There came from the junior associate some stammering and fumbling with the keyboard but no quick answer. The junior associate admitted, though, that the number would be lower than 9 percent, and he mentioned that the firm would be making some changes in the coming weeks. They would be “partnering” with a group in Omaha that would offer “access to lower-cost investment options.”


That was when our main character began to feel the pit in his stomach. Why hadn’t the meeting begun with the news about the “partnership”? How could his future be on track if it required a 9 percent return? These were some of the questions he posed to the planner when he got him on the phone days later. The planner said, “I wish I would have done better. It wasn’t for lack of trying. We didn’t try to do bad.” He repeated that last phrase several times. “We didn’t try to do bad.” The poor grammar made it even harder for our main character to stomach the truth: he’d missed the longest bull market he’d likely ever see, the longest since the Great Depression.
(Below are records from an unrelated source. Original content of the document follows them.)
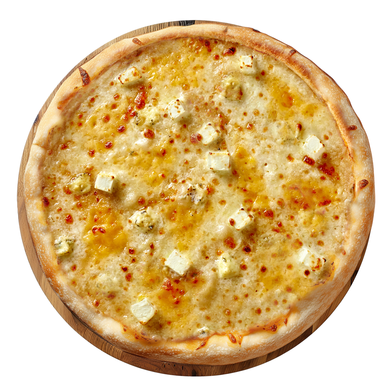 Crème fraîche, fromage, viande hachée, chorizo, poulet, oignons.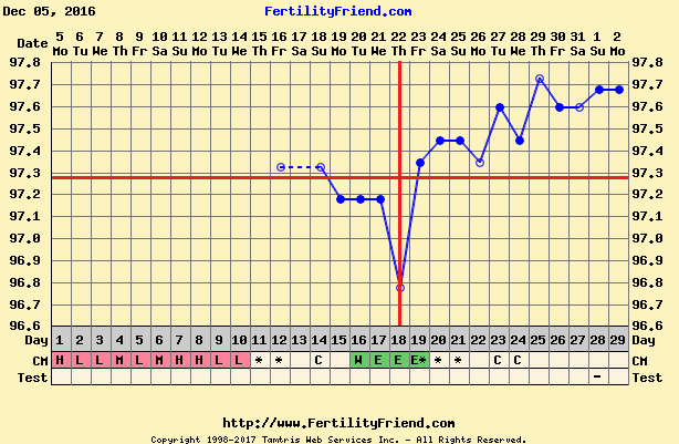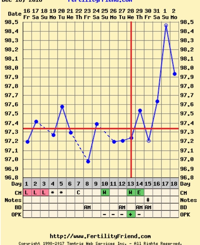 • @babypi I agree with FF on CD18. Also, some women see a big drop the day before or of CD1, while others see high temps throughout their periods, and only get drops after AF is gone. I typically see a big drop, but not below CL, the day before AF. Then I have high/erratic temps during my period, and then my temps decline/dip before O. You'll just have to see what your individual pattern is like, if you don't get a BFP this cycle. Once you know what is normal for you, interpretation gets easier. GL!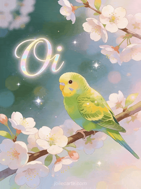 Envie um fofo oi com este cartão grátis com um periquito verde e amarelo em galhos de cerejeira florida. Descubra também um olá sol ou um olá querida.
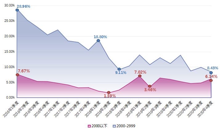 由上图可见,近五年2000元/月以下和2000-2999元/月较低薪酬区间呈现整体下滑趋势,2020年第四季度职位数量占比仅为6.14%和8.43%。
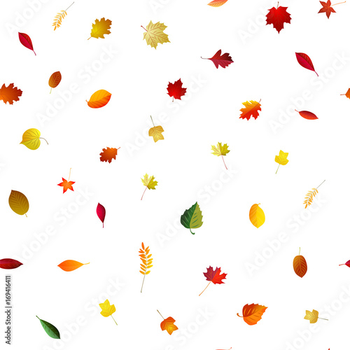 Obraz premium Autumn falling seamless bright background . Vector season pattern . Red and yellow leaves .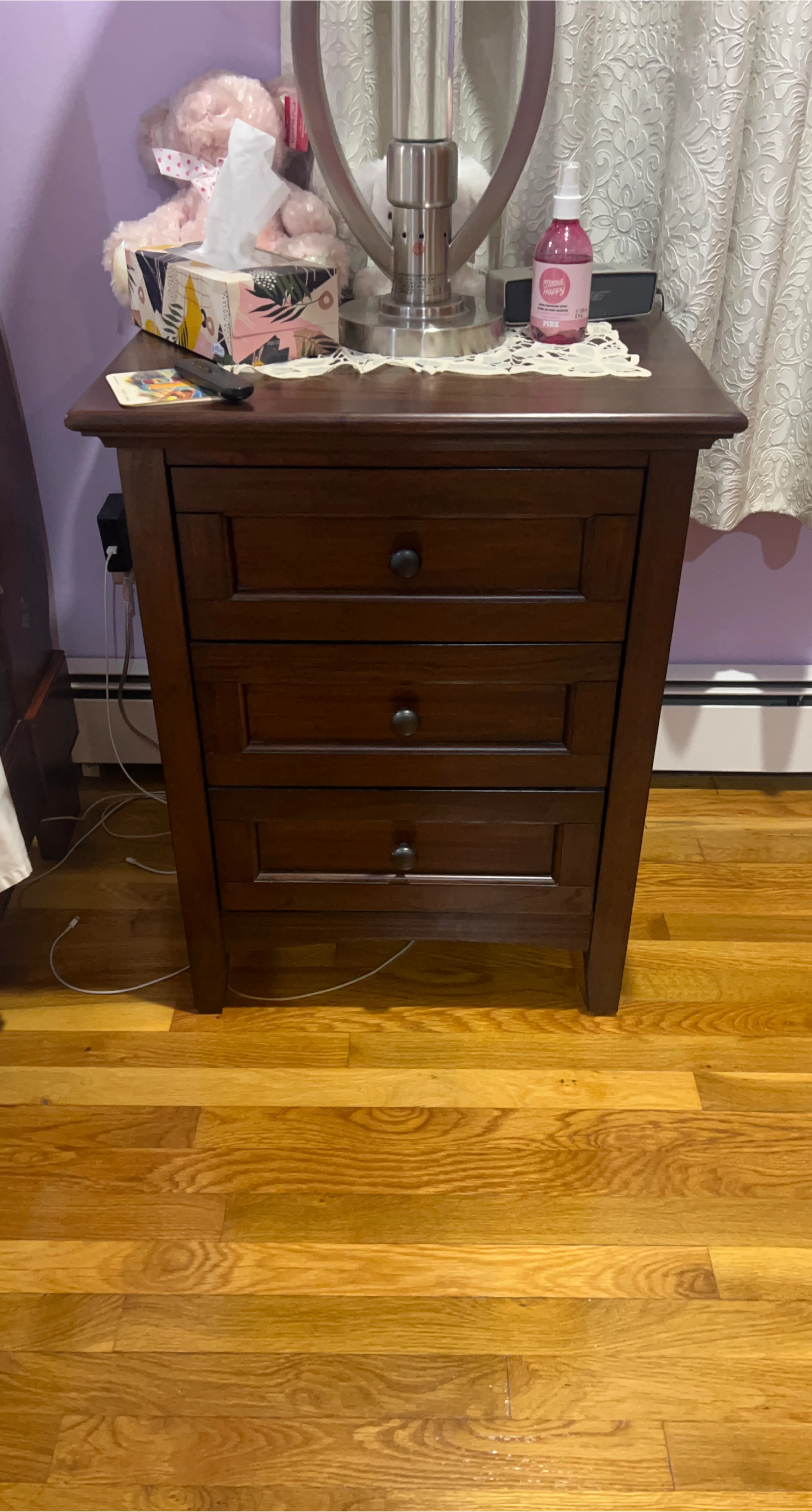 Selling a wooden nightstand with three drawers. It's in good condition and ready for a new home! The dark wood finish adds a touch of elegance to any bedroom. Perfect for storing your nighttime essentials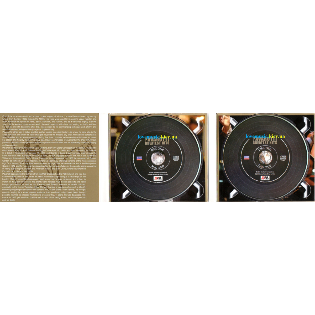 Luciano Pavarotti, італійський оперний співак (ліричний тенор), один з найвидатніших оперних співаків 20 століття увійшов до світової культури після виконання «Nessun Dorma!» на церемонії відкриття кубка світу FIFA у 1990 році в Італії. Завдяки своїй вокальній майстерності, характерній легкості співу, яке поєднується з високою індивідуальністю, і яке випромінює тепло та життєрадісність, Luciano Pavarotti став «суперзіркою» №1 оперної сцени. За 40 років ексклюзивної співпраці Паваротті з фірмою «Decca» було продано понад 100 мільйонів носіїв із записами артиста. У збірці на двох дисках «Luciano Pavarotti Greatest hits» представлена неперевершена колекція пісень, арій та дуетів з друзями – Андреа Бочеллі та Френком Сінатрою.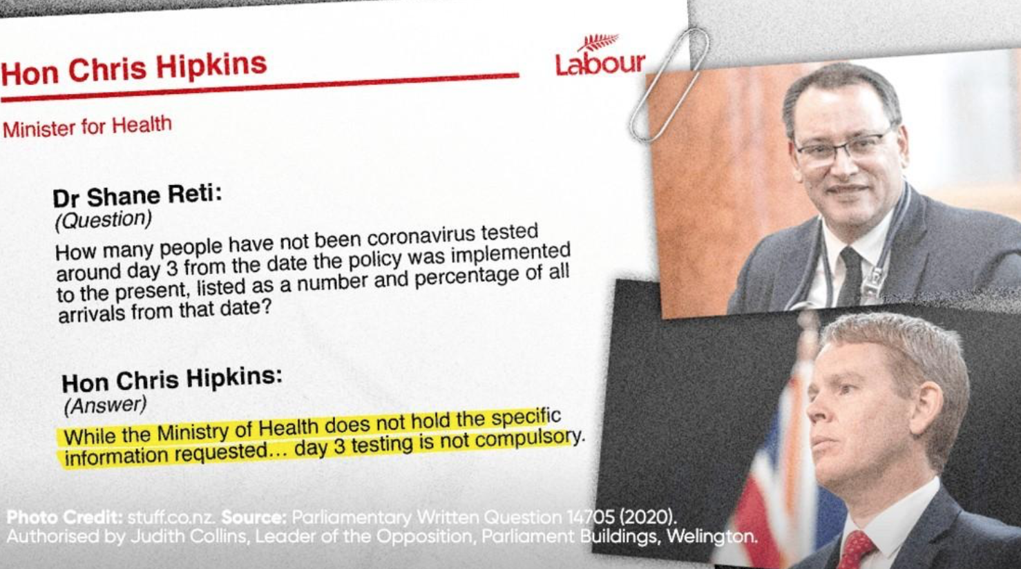 The image, posted to the National Party and some MPs’ social media pages, was made to look like a Labour Party letter and showed a written answer by Hipkins to National’s health spokesperson Dr Shane Reti about COVID-19 testing.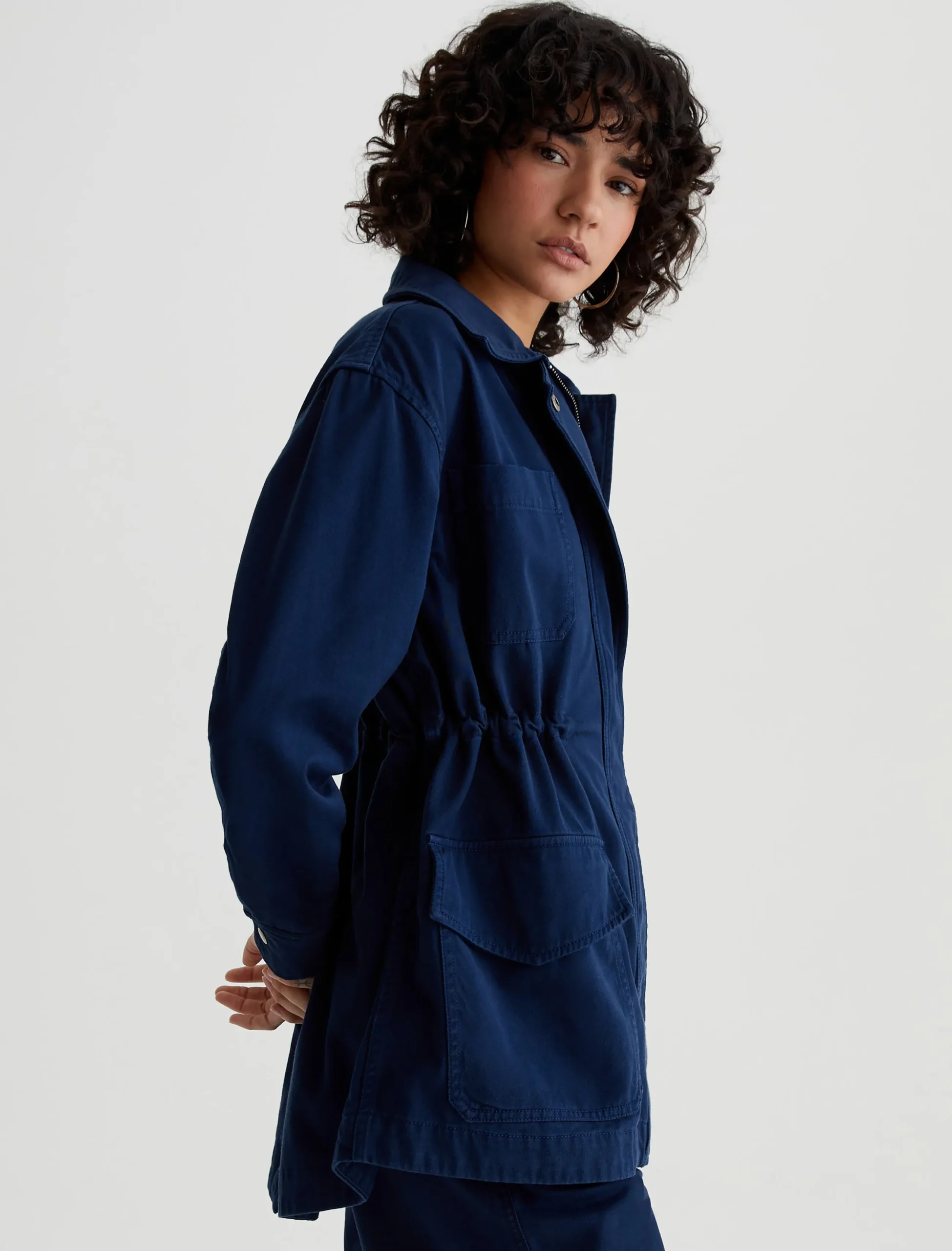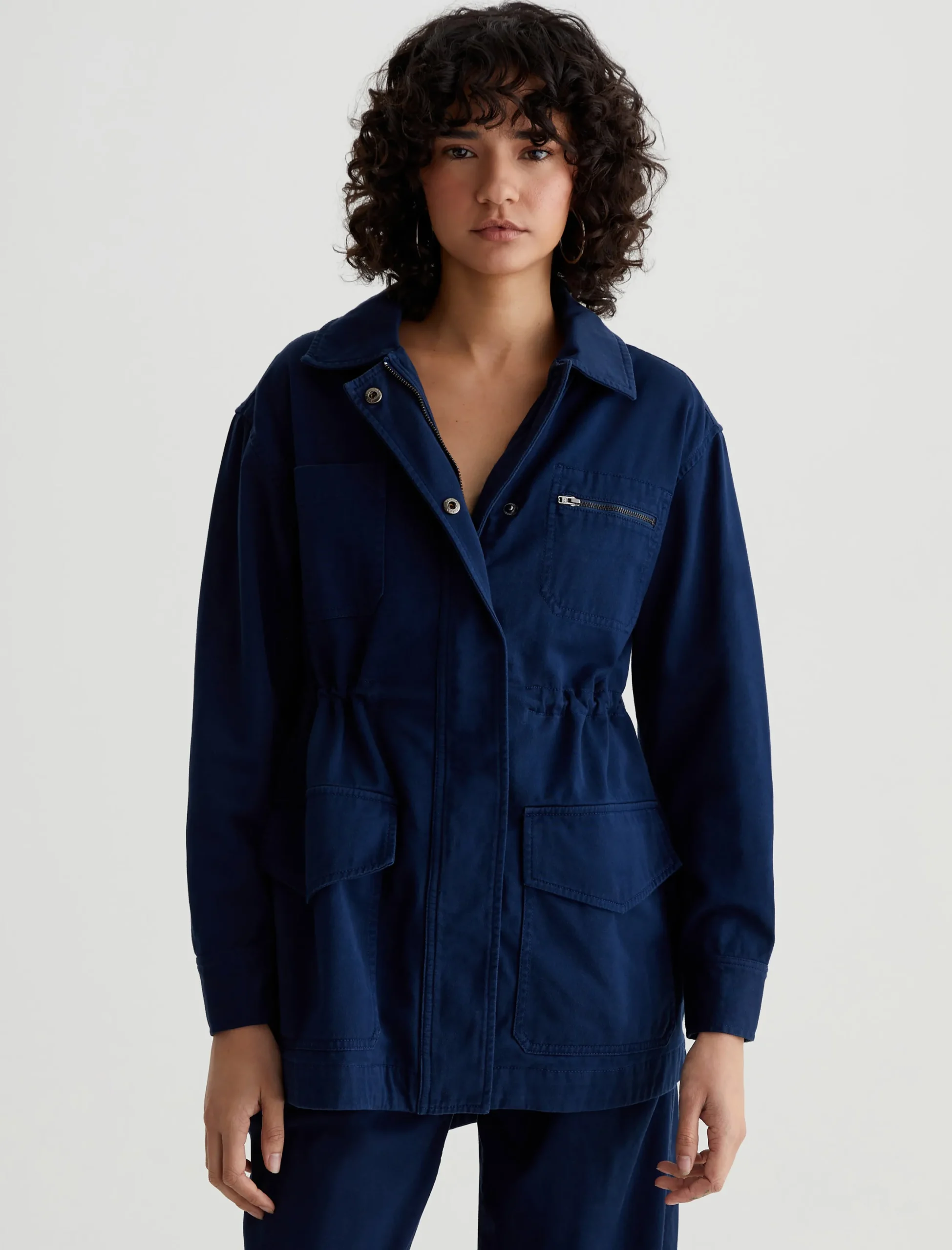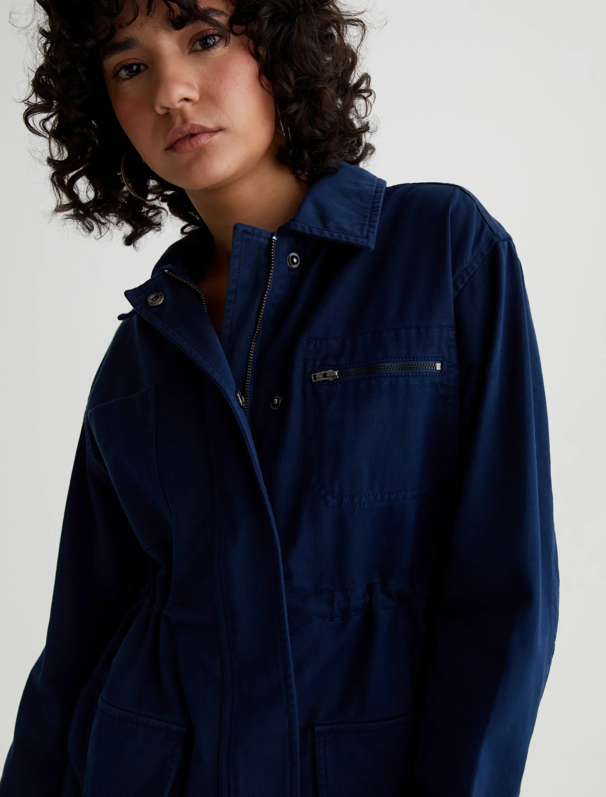 The Josephine Jacket offers a modern interpretation on classic utility styling. Cut from 100% cotton sateen in a deep navy shade, it’s cut for a relaxed fit and shaped by an adjustable interior drawcord. Complete with patch pockets, exposed zipper detailing, and a zip front concealed by a storm placket with metal snaps.

And he’d overpaid his planner to do it.


From 2010 to that point, net of fees, his planner had gotten him 3.54 percent annualized. For comparison, the S&P 500 over the same period, with dividends reinvested, was up nearly 13 percent annualized. To put that in painful perspective, his portfolio was up a tad over 40 percent, whereas the S&P had tripled. Not that one would ever put all one’s money in the S&P. But still.


At one point, our main character had his 401(k) in one of those automatically rebalancing John Hancock funds whose mix is determined by retirement year. The planner had said, “I can do better than that.” The result: over the past five years, the planner had managed .53 percent. The John Hancock fund did about 4.5 percent.


The kicker to this story is that when our main character fired the planner, he discovered that some of his money was invested in leveraged exchange-traded funds. The planner was using debt in an effort to increase returns. Not exactly a conservative strategy.


Our main character has come to terms with this loss—or lost opportunity. He still has his health, if not his hair. He’ll be able to earn something resembling a living as long as he can drag himself to a computer and keep his fingers moving. Which, barring a second marriage to a wealthy widow, is exactly what he’ll have to do.